Lifehouse Church serves remote worshippers via streaming
Published: WORSHIP

USA: In every congregation of worshippers, there are followers who can’t make services in a given week for one reason or another. Since the days of audio cassette tapes, various forms of physical media have been used to share services retroactively, but unless a house of worship was in a position to broadcast their services, real-time sharing wasn’t possible. As with much in society at large, that situation changed with the widespread availability of internet connectivity, along with enabling technologies. A case in point is Lifehouse Church, San Antonio, Texas, USA, which has a good percentage of military personnel and their families in its 300-member fellowship, the military members’ duties sometimes requiring travel. Additionally, the church has partnered with churches in Colombia in South America. Lifehouse Church has embraced technology for both real-time and on-demand streaming of services to serve its membership and extended international church family.
Lifehouse began on-demand streaming in May of 2015. ‘We did a few test runs before this, just for families in our church that were military that wanted to stay connected, but this is when we started really streaming and archiving our videos onto Vimeo,’ says Lifehouse tech director, Alex Well. ‘It took us a while to finally bite the bullet and put funds towards this project.’ Following its experiences with the Vimeo video file-sharing service, Lifehouse started experimenting with live streaming. ‘It started with a home video camera and a free interface that ran on the computer and a free Livestream account,’ recalls Mr Well. ‘Once we started getting feedback from families who couldn’t make it into church and some of our council members who travelled and watched the stream, they saw the importance in it. As well, we had churches we partnered with in Colombia for missions trips that followed us online and they saw how the distance didn’t stop us from being one large church family.’ With the importance and impact of live streaming proven, funds were targeted towards improving the audio and video experience for the remote viewers.
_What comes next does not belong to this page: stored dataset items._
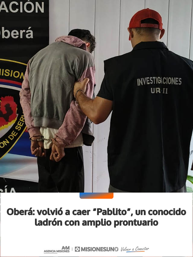 Oberá: volvió a caer “Pablito”, un conocido ladrón con amplio prontuario
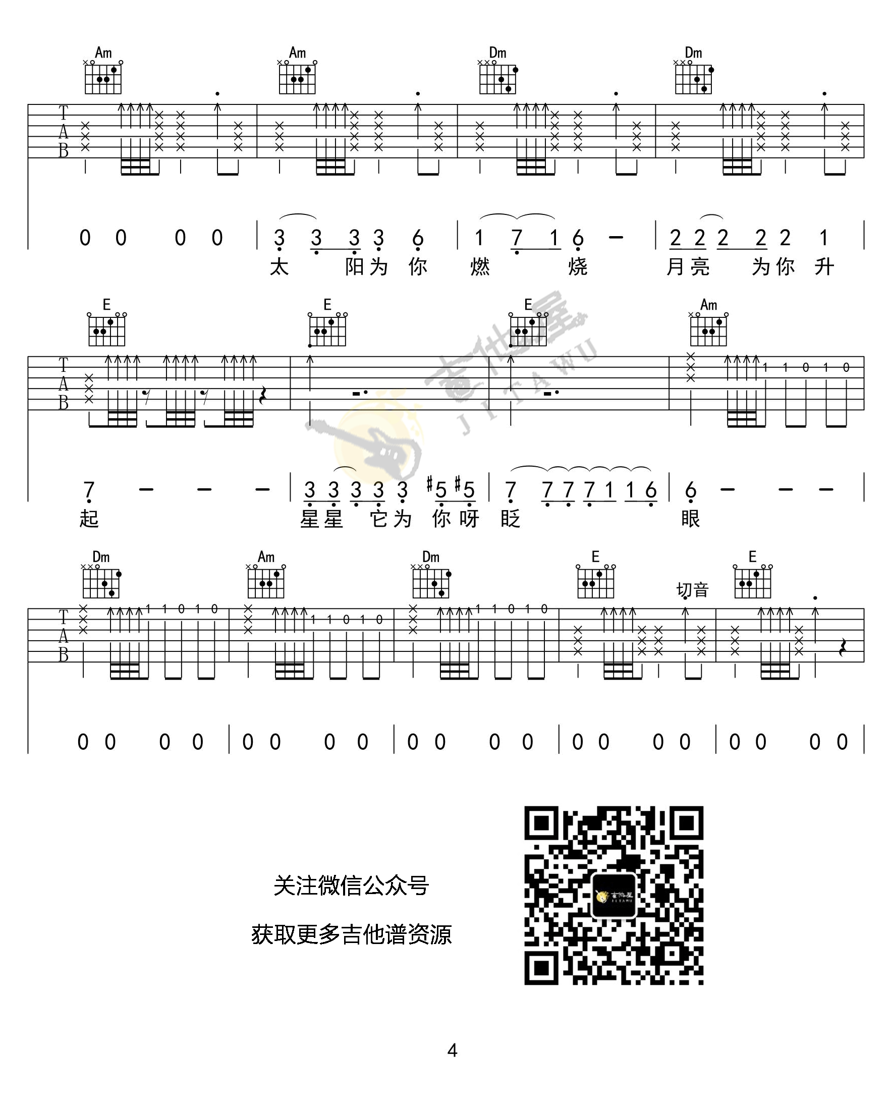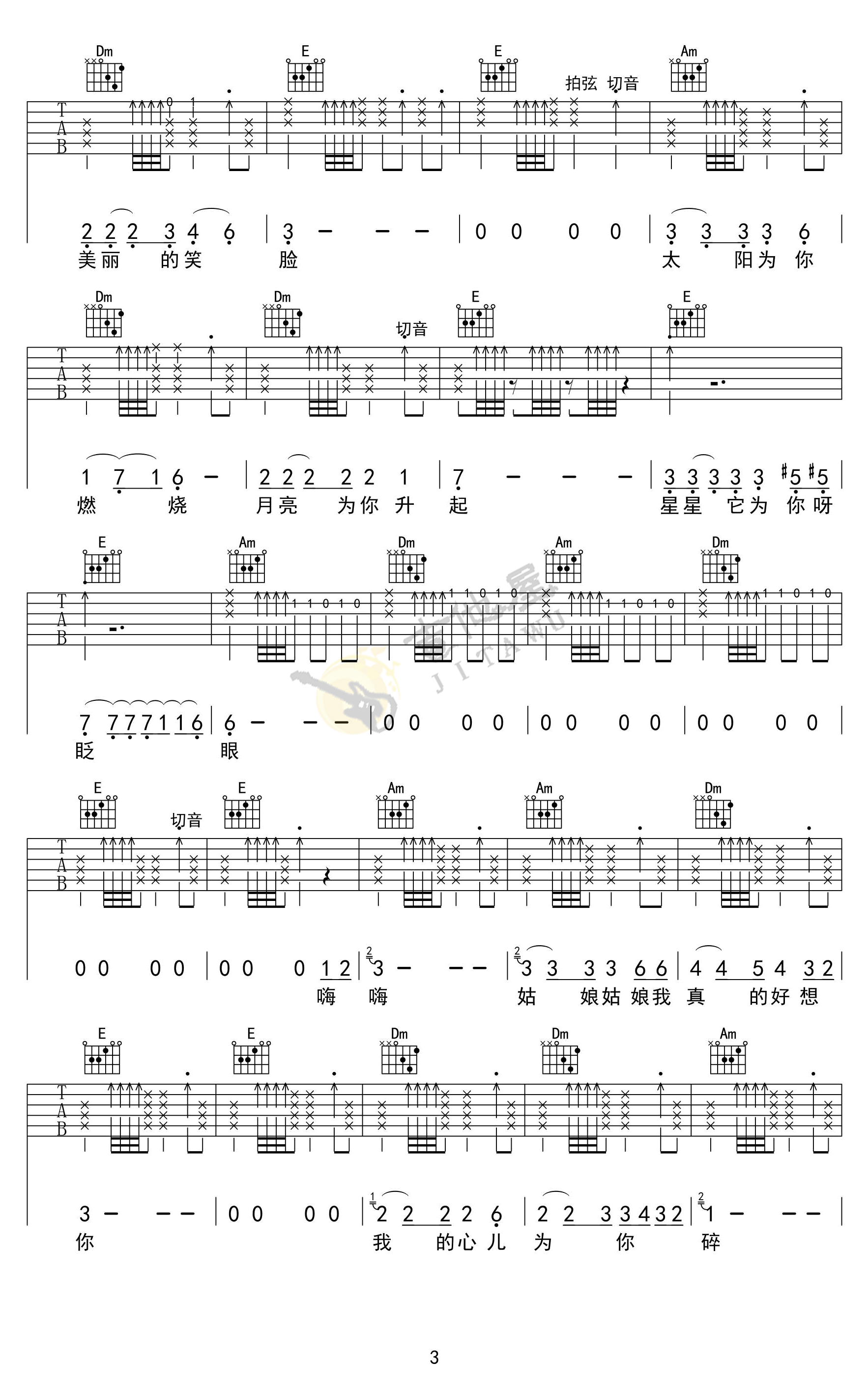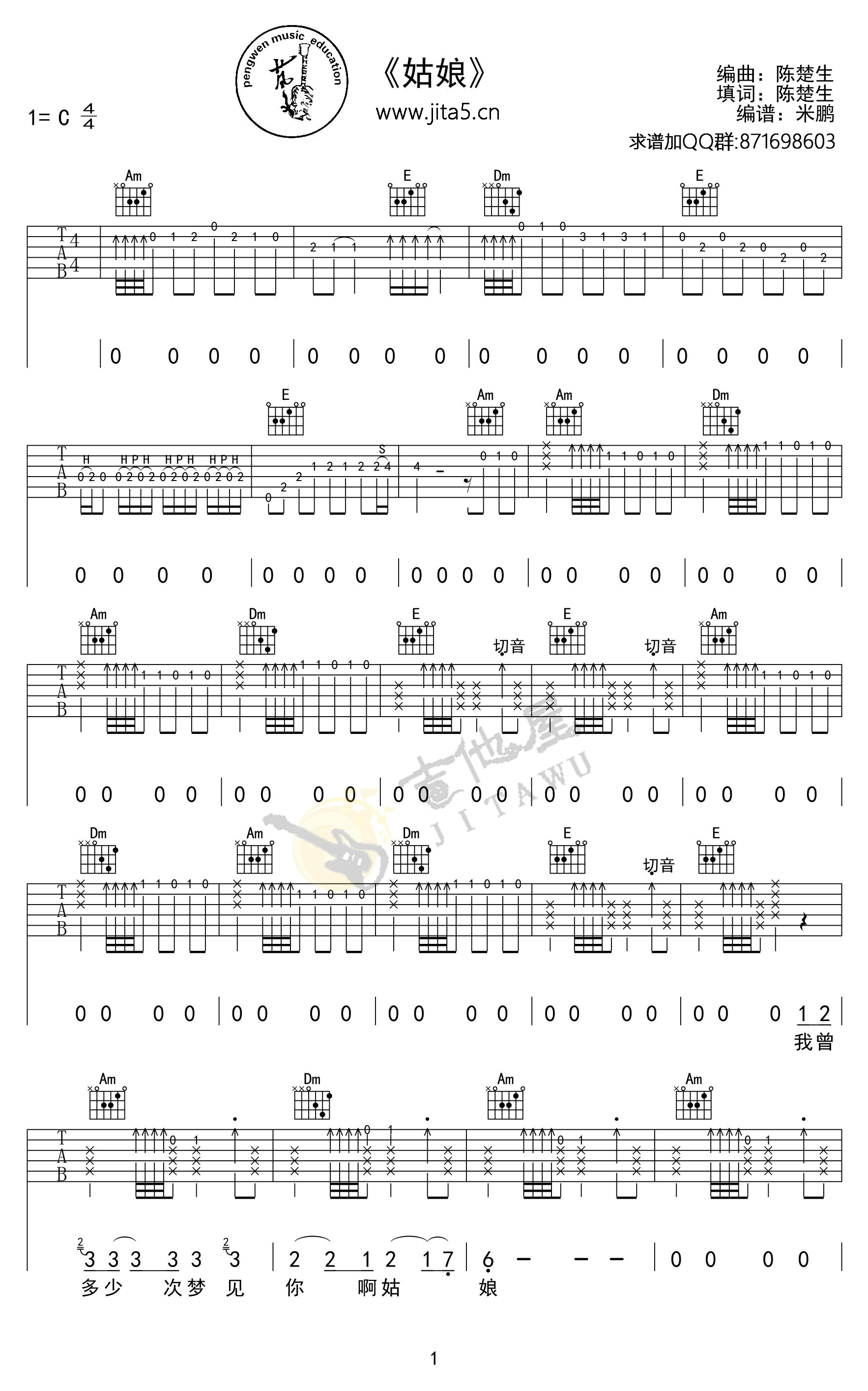 曲谱介绍: 吉他谱介绍:姑娘吉他谱,陈楚生演唱的一首歌曲,4/4拍的节奏,这首歌曲的原调为C调,这里曲谱采用了C调指法进行编配,演唱时可不夹变调夹,曲谱由琴谱网更新上传,共4张高清图片弹唱吉他谱例,来源于@米鹏编配出品。这是非常出名的一首“撩妹神曲”,炫酷的视觉效果使得很多初学者对这首歌趋之若鹜,看似难度很大,实则非常简单的一首歌,主要在于右手轮扫和大鱼际拍弦的技巧。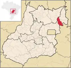 The distance to Goiânia is 438 km. Highway connections with Goiânia are made by BR-153 / Anápolis / GO-060 / Alexânia / Planaltina / Formosa / GO-020 / BR-030 / Vila Boa / GO-114.[2]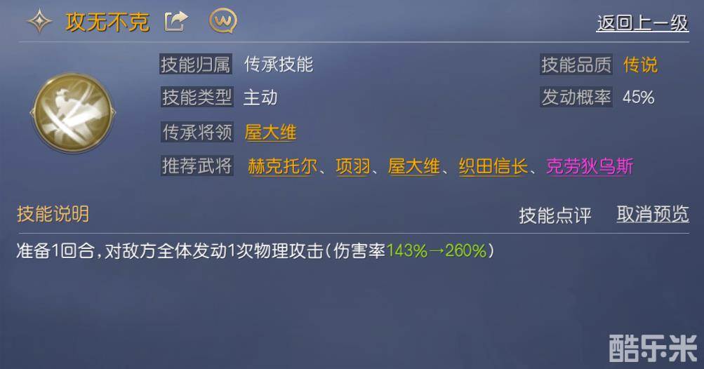 【攻无不克】没有额外效果,但发动后可造成260%的全体伤害,配合上项羽高额的力量属性与物伤加成,最终的实际伤害会远远超过这个数值,用于爆发最好不过。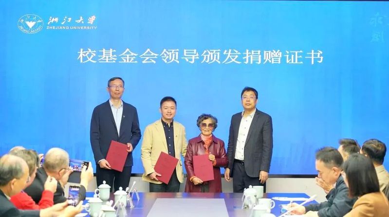 丁海忠代表浙江大学教育基金会向张光琼教授,沈波、章国巨两位校友颁发捐赠证书,向张光琼教授和章国巨校友颁发铭牌。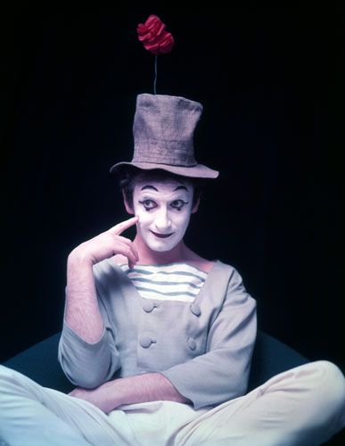 His character “Bip,” the clown (based on the 19th-century French Pierrot) in his battered deflowered opera hat and striped pullover had numerous misadventures that captivated the world. I like that. Captivating the world and not uttering a single word aloud. Marceau made miming a true silent art.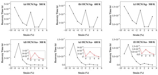 Recovery times of HCN adsorption on Ag- and Au-doped SnSe2 monolayers under biaxial strains ranging from −8% to 6% at different temperatures: (a–c) Ag-doped SnSe2 at (a) 300 K, (b) 400 K, and (c) 500 K; (d–f) Au-doped SnSe2 at (d) 300 K, (e) 400 K, and (f) 500 K.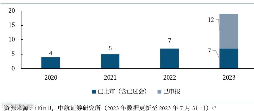 3. 增量资金有限的情况下,大多在低位的“次新股”可能存在短期的系统性机会。当前,在航天产业高景气下,航天企业正在持续上市。2023年以来,截至8月17日,航天环宇、国科军工、航天南湖、芯动联科以及司南导航等5家航天企业完成IPO(相关上市公司具体投资逻辑分析可以关注中航证券2023年军工上市公司点评系列)。另外,国科天成、万方科技2家航天企业也均已过会。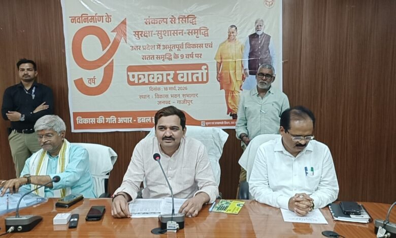 गाजीपुर, 18 मार्च 2026: भारत सरकार के 11 वर्ष एवं उत्तर प्रदेश सरकार के 9 वर्ष पूर्ण होने के अवसर पर गाजीपुर के विकास भवन सभागार में सदस्य विधान परिषद विशाल सिंह “चंचल” द्वारा प्रेस वार्ता आयोजित की गई। इस दौरान उन्होंने प्रदेश सरकार की उपलब्धियों को विस्तार से बताते हुए बदलते उत्तर प्रदेश की तस्वीर प्रस्तुत की।प्रेस वार्ता में उन्होंने जनपद में हो रहे प्रमुख विकास कार्यों का उल्लेख करते हुए बताया कि 208.85 करोड़ रुपये की लागत से मेडिकल कॉलेज की स्थापना का कार्य कराया गया है तथा 9.99 करोड़ रुपये की लागत से नर्सिंग कॉलेज का निर्माण प्रगति पर है। वाराणसी-गोरखपुर हाईवे के चौड़ीकरण और पुनर्निर्माण के साथ ही ग्रीन फील्ड एक्सप्रेस-वे का निर्माण कार्य जारी है, जिससे एनएच-29 और एनएच-19 का सीधा संपर्क स्थापित होगा। इसके अतिरिक्त पूर्वांचल एक्सप्रेस-वे के अंतर्गत 35 किमी सड़क का निर्माण कराया गया है।उन्होंने बताया कि जनपद में शिक्षा, स्वास्थ्य और बुनियादी ढांचे के क्षेत्र में व्यापक कार्य हुए हैं, जिनमें गहमर में राजकीय महाविद्यालय का निर्माण तथा गाजीपुर शहर में सीवरेज और सीवेज ट्रीटमेंट प्लांट की स्थापना शामिल है।कृषि एवं किसान कल्याण योजनाओं का उल्लेख करते हुए उन्होंने बताया कि प्रधानमंत्री किसान सम्मान निधि के अंतर्गत 4.65 लाख से अधिक किसानों को लगभग 1797 करोड़ रुपये की धनराशि दी गई है। पीएम कुसुम योजना, बागवानी विकास मिशन और सिंचाई योजनाओं के माध्यम से भी किसानों को लाभान्वित किया गया है।सामाजिक कल्याण योजनाओं के तहत वृद्धा पेंशन, दिव्यांग पेंशन, निराश्रित महिला पेंशन तथा आयुष्मान कार्ड जैसी योजनाओं से लाखों लोगों को लाभ मिला है। साथ ही मुख्यमंत्री कन्या सुमंगला योजना, जननी सुरक्षा योजना और शादी अनुदान योजना के तहत भी बड़ी संख्या में लाभार्थियों को सहायता प्रदान की गई है।उन्होंने बताया कि आवास योजनाओं के तहत प्रधानमंत्री आवास (ग्रामीण एवं शहरी) और मुख्यमंत्री आवास योजना के माध्यम से हजारों आवास पूर्ण कर लाभार्थियों को दिए गए हैं। उज्ज्वला योजना के अंतर्गत 3.21 लाख परिवारों को मुफ्त गैस कनेक्शन उपलब्ध कराए गए हैं।रोजगार एवं स्वरोजगार के क्षेत्र में भी उल्लेखनीय प्रगति हुई है। मुख्यमंत्री स्वरोजगार योजना और युवा उद्यमी विकास योजना के तहत हजारों लाभार्थियों को वित्तीय सहायता दी गई है। राष्ट्रीय ग्रामीण आजीविका मिशन के अंतर्गत स्वयं सहायता समूहों को बैंक क्रेडिट लिंकेज उपलब्ध कराया गया है।प्रेस वार्ता में जिलाध्यक्ष भाजपा ओमप्रकाश राय, ब्लॉक प्रमुख बिरनो राजन सिंह, मुख्य विकास अधिकारी संतोष कुमार वैश्य, जिला सूचना अधिकारी राकेश कुमार सहित अन्य अधिकारी एवं मीडिया प्रतिन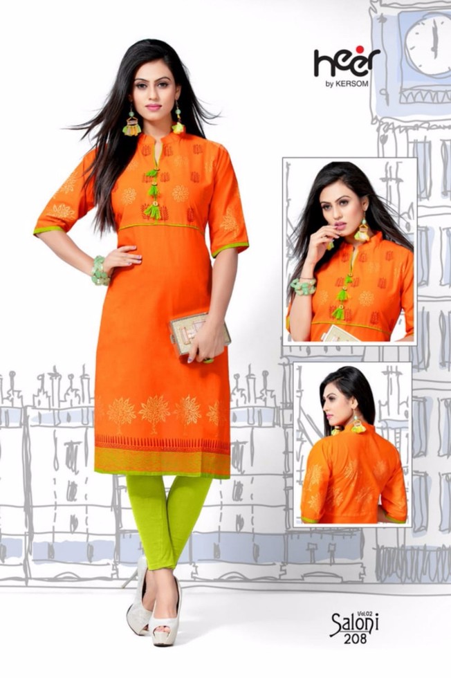 Heer By Kersom - Saloni-2 Kurtis Collection *No of Designs*: 8 *Rate:*-320 *Available Sizes*: L,XL,2XL *Fabric*: Semi Lawn, Cotton *Work*: Print *Other Details*: LENGTH-40 *Redy to ship* |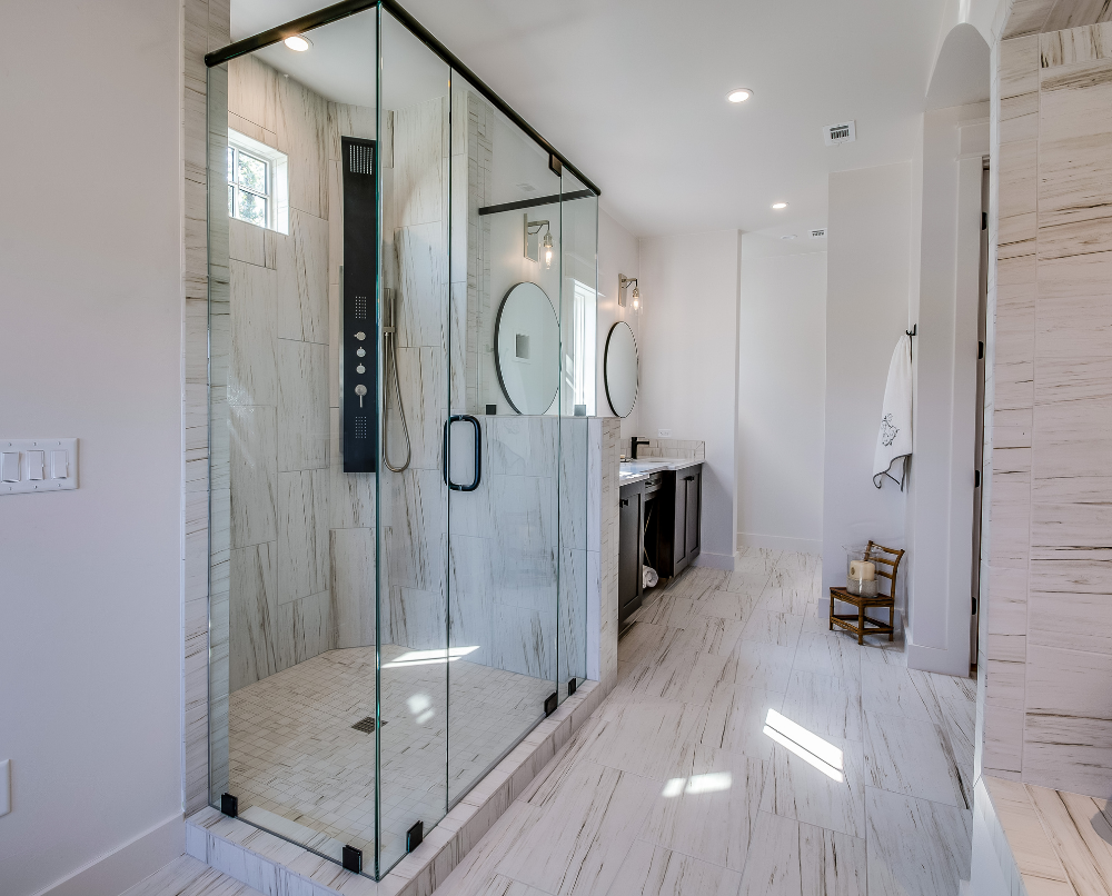 يضفي زجاج الشاور لمسة فخامة وتنظيم للمكان.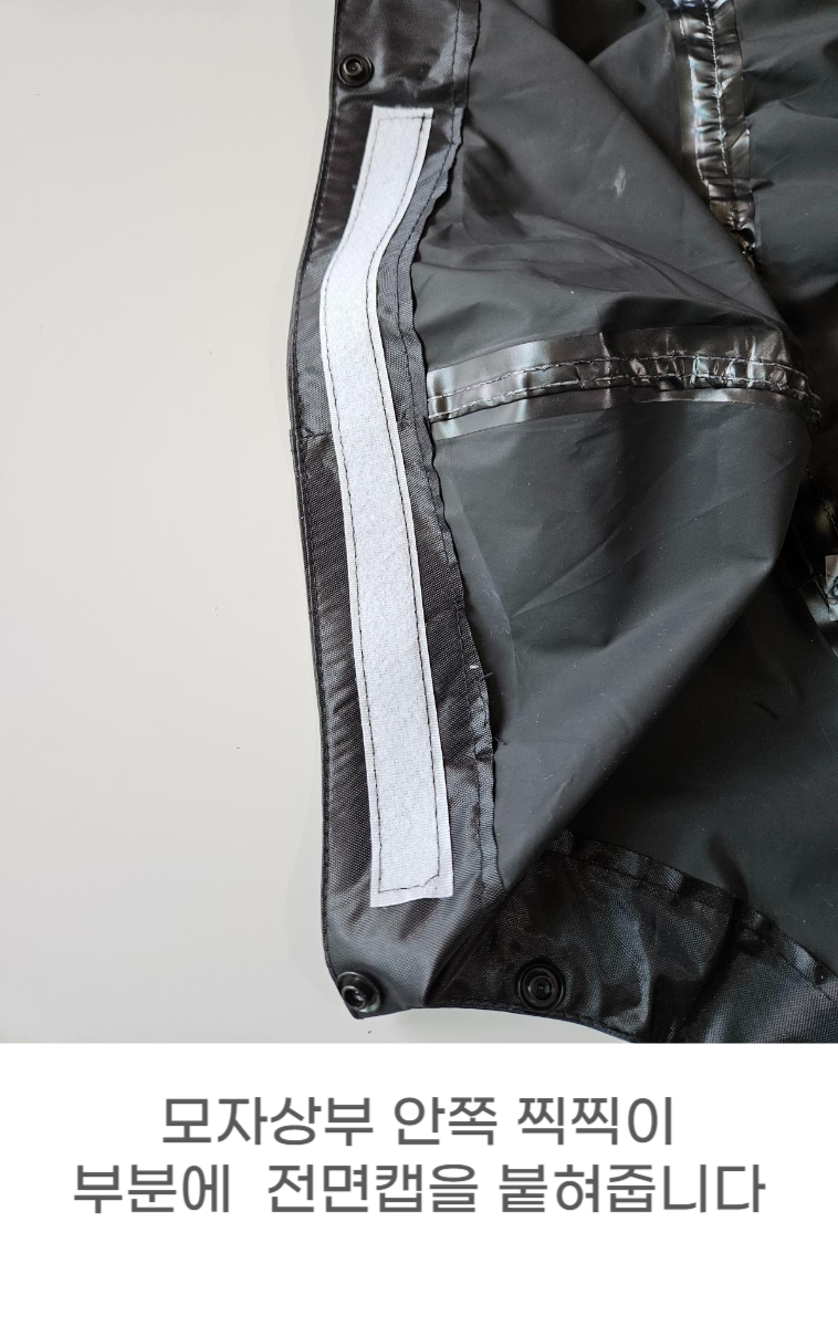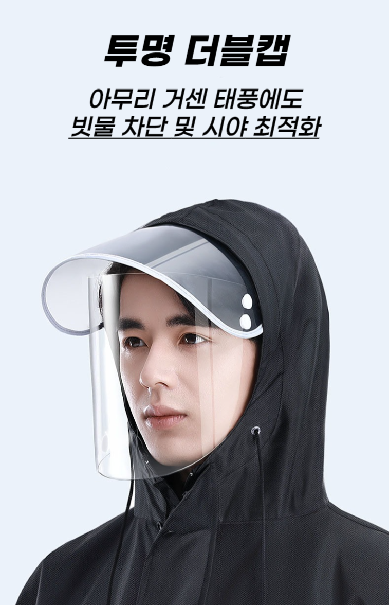 * 제품 색상은 사용자의 모니터 해상도 등 설정에 따라 실제 색상과 다소 차이가 있을 수 있습니다. * 해당 제품은 캡을 장착하여 착용하는 우의로 후드 부분이 크게 되면 시야가 가려져 위험하기 때문에 일정 치수 이상 넘어가지 않도록 제작된 정상 제품입니다. (위와 같은 이유로 반품 시 판매자 귀책 사유가 될 수 없는 점 양해 부탁드립니다.)

‘We stream our Sunday morning services as well as our Wednesday night youth group for students who have too much homework to make it in but want to stay connected,’ says Mr Well. ‘Our viewers for our stream are people who can’t make it into church due to weather, disability, deployment, have moved, and our churches we work with in Colombia.’ The average number of devices connected is from 15 to 30. ‘Some of these devices do have families behind them,’ says Mr Well, ‘so there very well could be closer to double and triple the number our view count records.’
After its use of Livestream for real-time video sharing, Lifehouse moved to the house of worship ‘digital discipleship’ solution from Mediafusion, a company specializing in online streaming and deployed worldwide by small congregations and by churches as large as the multi-campus Hillsong in Australia which uses Mediafusion services to stream internationally. Mr Well credits Mediafusion with a doubling of streaming quality and the addition of new capabilities. When loss of audio and video quality and connectivity issues arose with the encoder that Lifehouse was using to interface with the internet, the San Antonio-based Mediafusion loaned Lifehouse a Matrox Monarch HDX encoder, which offers 3G-SDI and HDMI inputs with frame-synchronization and two independent H.264 encoders that can be assigned to individual tasks like dual broadcasts or streaming at one bit-rate while recording at higher resolutions via an onboard SD card slot or using USB-connected or networked storage. MediaFusion, says Mr Well, was ‘even great enough to come help me set it all up and test out the quality and help monitor our first two weekends to make sure we were getting the best quality we could.’ The Monarch HDX, Mr Well adds, provided ‘much better quality in our stream due to the options allowed in broadcasting. We also could now save a hard-copy right from the encoder instead of downloading it later on, which, depending on our internet and steam at the time, could look terrible.’
The video signal flow at Lifehouse begins with a Canon FX1 camera fed into an Apple iMac computer running Renewed Vision’s Propresenter software. In the iMac, the camera feed is mixed with the Propresenter originated lower-third content and with the audio out from a Behringer x32 digital console. The production is then fed via HDMI into the Monarch HDX. After establishing a sustainable streaming bit rate and insuring audio levels are optimal for the Matrox Monarch HDX, ‘There really isn’t a lot of training needed to get started or after launching due to being able to save Presets,’ says Mr Well. Training and continued refinement of the broadcasts mostly involves the layering of Propresenter graphics, camera shot blocking and video/live feed switching.
On the Colombia end of the streams, Mr Well says the only challenge has been ‘with the reception they get while in town or when they are out in the Amazon in the smaller church plants. Unless they have a good download speed they get some choppy video and audio. It is real-time for them, though, because they like to interact and use the chat on our video player. Of course with streaming there is always a little delay from the time you send the source until they receive it.’
For the future, Lifehouse plans to build up their system with more cameras, a video switcher and a possible upgrade to the Matrox Monarch LCS encoder. The given in Lifehouse Church’s plans is that internet streaming will be permanent part of the HOW’s ministry.